Aione 30/06/2021A Garota de Papel foi meu segundo contato com a escrita de Guillaume Musso, que me conquistou por completo em O Chamado do Anjo. Em um estilo semelhante ao encontrado em sua outra obra, também publicada pela editora Verus, mais uma vez me encantei pela habilidade e criatividade do autor.
Tom Boyd é um escritor que estourou com a publicação dos primeiros dois livros de sua trilogia. Porém, após o ápice do sucesso, se viu em uma espiral descendente devido a uma crise amorosa. Em face de um bloqueio criativo que o faz acreditar que jamais será capaz de voltar a escrever, ele recebe a visita inesperada de Billie, uma personagem de seus livros saída diretamente das páginas. Ela, então, faz um apelo: que ele volte a escrever, senão ela morrerá.
A escrita de Guillaume Musso é leve e com toques divertidos. Apesar disso, o livro traz uma mescla de gêneros, que vão do romance ao suspense, passando por aventura e momentos de maior intensidade dramática.
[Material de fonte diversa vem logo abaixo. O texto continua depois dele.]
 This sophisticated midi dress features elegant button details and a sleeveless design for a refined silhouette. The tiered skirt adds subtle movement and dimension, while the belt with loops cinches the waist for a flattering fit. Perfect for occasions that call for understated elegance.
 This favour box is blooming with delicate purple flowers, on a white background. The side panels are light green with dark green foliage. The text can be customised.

A narrativa também é variada: em primeira pessoa, pela perspectiva de Tom, trazendo inclusive alguns flashbacks; em terceira pessoa, pela perspectiva de personagens diversos; em formato de matérias em sites e revistas, no início do livro.
O que mais gostei em A Garota de Papel foi sua relação direta com a literatura e o fazer poético. O romance faz praticamente um elogio aos livros e à importância da leitura, demonstrando o quanto ela pode nos ajudar — e até salvar — em momentos de dificuldade. Em uma leitura simbólica, toda ação presente no enredo poderia ser interpretada como a dificuldade encontrada por escritores durante a produção de um romance. Ao mesmo tempo, a obra traz a todo momento o contraponto entre ficção e realidade. A ficção pode funcionar como escape; porém, ela também é limitada e não consegue capturar com precisão as sensações de uma vivência real. Essa oposição está presente, ainda, na própria estrutura do livro, seja por nos perguntarmos se Billie é um componente de fantasia na história, seja pelos elementos ficcionais — como Tom e sua obra — serem citados em meio aos reais: o romance de Tom seria adaptado, na história, e estrelado por personalidades reais.
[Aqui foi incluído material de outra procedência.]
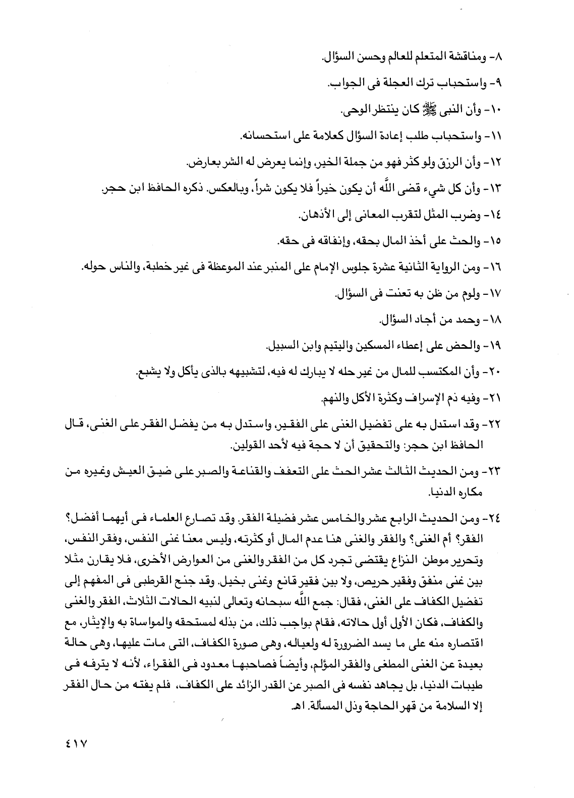 24 - ومن الحديث الرابع عشر والخامس عشر فضيلة الفقر. وقد تصارع العلماء في أيهما أفضل؟ الفقر؟ أم الغنى؟ والفقر والغنى هنا عدم المال أو كثرته، وليس معنا غنى النفس، وفقر النفس، وتحرير موطن النزاع يقتضي تجرد كل من الفقر والغنى من العوارض الأخرى، فلا يقارن مثلاً بين غنى منفق وفقير حريص، ولا بين فقير قانع وغني بخيل، وقد جنح القرطبي في المفهم إلى تفضيل الكفاف على الغنى، فقال: جمع الله سبحانه وتعالى لنبيه الحالات الثلاث، الفقر والغنى والكفاف، فكان الأول أول حالاته، فقام بواجب ذلك، من بذله لمستحقه والمواساة به والإيثار، مع اقتصاره منه على ما يسد الضرورة له ولعياله، وهي صورة الكفاف، التي مات عليها، وهي حالة بعيدة عن الغنى المطغي والفقر المؤلم، وأيضاً فصاحبها معدود في الفقراء، لأنه لا يترفه في طيبات الدنيا، بل يجاهد نفسه في الصبر عن القدر الزائد على الكفاف، فلم يفته من حال الفقر إلا السلامة من قهر الحاجة وذل المسألة. اهـ.
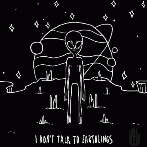 A black and white drawing of an alien standing on a planet with the text 'I DON'T TALK TO EARTHLINGS'.
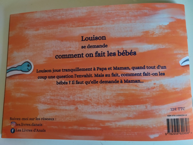 Louison joue tranquillement à Papa et Maman, quand tout d'un coup une question l'envahit. Mais au fait, comment fait-on les bébés ? Il faut qu'elle demande à Maman... Un livre auto-édité qui s'adresse aux plus jeunes et qui aidera à poser des mots justes dans une histoire toute douce.
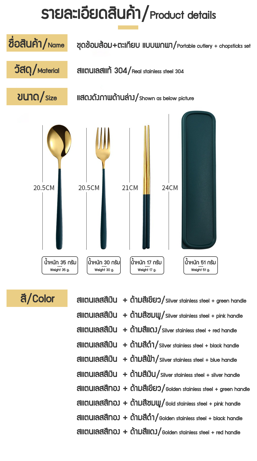 - มี 2 แบบ (สแตนเลส สีเงิน และสีทอง) พร้อมด้ามจับ 9 สีสวยงามค่ะ

Entre as peças do suspense de A Garota de Papel estão o questionamento sobre a figura de Billie e o passado de Tom. Em relação a esse último, é interessante como Guillaume Musso demonstra a todo momento a tentativa do personagem de se afastar de suas origens e o quanto ele é incapaz de fazer isso — o próprio conjunto habitacional onde cresceu não fica muito distante de sua atual moradia. Porém, a visão sobre esse bairro periférico me pareceu não a de quem de fato cresceu em um, mas de quem jamais fez parte daquele meio e só tem a visão estereotipada da violência e decadência, como se o problema do local fosse individual, nas pessoas que lá residem, e não estrutural. Visões como essa são problemáticas do ponto de vista social, visto que continuam reforçando a ideia redutora e desumanizada de quem vive nesses locais e da arte lá produzida — como se ela fosse inválida ou ruim. Um exemplo disso é o rap, citado na obra.
No geral, adorei a leitura de A Garota de Papel, mesmo que tenha ficado incomodada com essa representação social, incluída no enredo apenas como elemento de suspense e motivação do protagonista. Fui completamente envolvida pela leitura ágil e divertida, e fiquei encantada pelas relações entre o real e o imaginário. Com certeza quero ler mais do autor!